▸ **REQUIRED ACTION**
Reproduce, word for word, the lines in the material below starting with the one that has "20日,在最后一臺風(fēn" and going on through the one that has "تعلن عمادة الدراسات". Leave out all pictures.

▸ **DATA SHOWN**
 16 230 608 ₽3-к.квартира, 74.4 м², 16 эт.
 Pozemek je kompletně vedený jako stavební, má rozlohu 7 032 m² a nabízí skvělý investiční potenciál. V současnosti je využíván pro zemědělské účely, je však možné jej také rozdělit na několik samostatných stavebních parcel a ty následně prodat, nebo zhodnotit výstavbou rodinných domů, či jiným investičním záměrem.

* * *

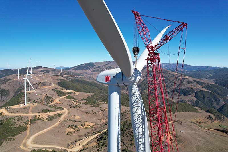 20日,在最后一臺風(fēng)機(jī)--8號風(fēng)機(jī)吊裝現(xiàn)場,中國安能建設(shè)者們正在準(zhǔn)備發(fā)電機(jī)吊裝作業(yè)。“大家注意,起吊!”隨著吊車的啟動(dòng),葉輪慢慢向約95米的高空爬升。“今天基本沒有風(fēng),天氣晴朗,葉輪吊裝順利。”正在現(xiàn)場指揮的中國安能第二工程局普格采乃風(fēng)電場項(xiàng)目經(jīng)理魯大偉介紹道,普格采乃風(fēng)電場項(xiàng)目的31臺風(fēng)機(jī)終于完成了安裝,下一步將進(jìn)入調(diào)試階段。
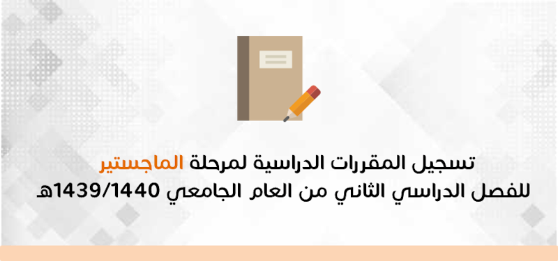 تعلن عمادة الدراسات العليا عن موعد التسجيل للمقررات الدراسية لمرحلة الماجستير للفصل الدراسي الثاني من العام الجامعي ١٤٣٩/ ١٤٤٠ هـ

▸ **COMPLETED EXERCISE**
 20日,在最后一臺風(fēng)機(jī)--8號風(fēng)機(jī)吊裝現(xiàn)場,中國安能建設(shè)者們正在準(zhǔn)備發(fā)電機(jī)吊裝作業(yè)。“大家注意,起吊!”隨著吊車的啟動(dòng),葉輪慢慢向約95米的高空爬升。“今天基本沒有風(fēng),天氣晴朗,葉輪吊裝順利。”正在現(xiàn)場指揮的中國安能第二工程局普格采乃風(fēng)電場項(xiàng)目經(jīng)理魯大偉介紹道,普格采乃風(fēng)電場項(xiàng)目的31臺風(fēng)機(jī)終于完成了安裝,下一步將進(jìn)入調(diào)試階段。
 تعلن عمادة الدراسات العليا عن موعد التسجيل للمقررات الدراسية لمرحلة الماجستير للفصل الدراسي الثاني من العام الجامعي ١٤٣٩/ ١٤٤٠ هـ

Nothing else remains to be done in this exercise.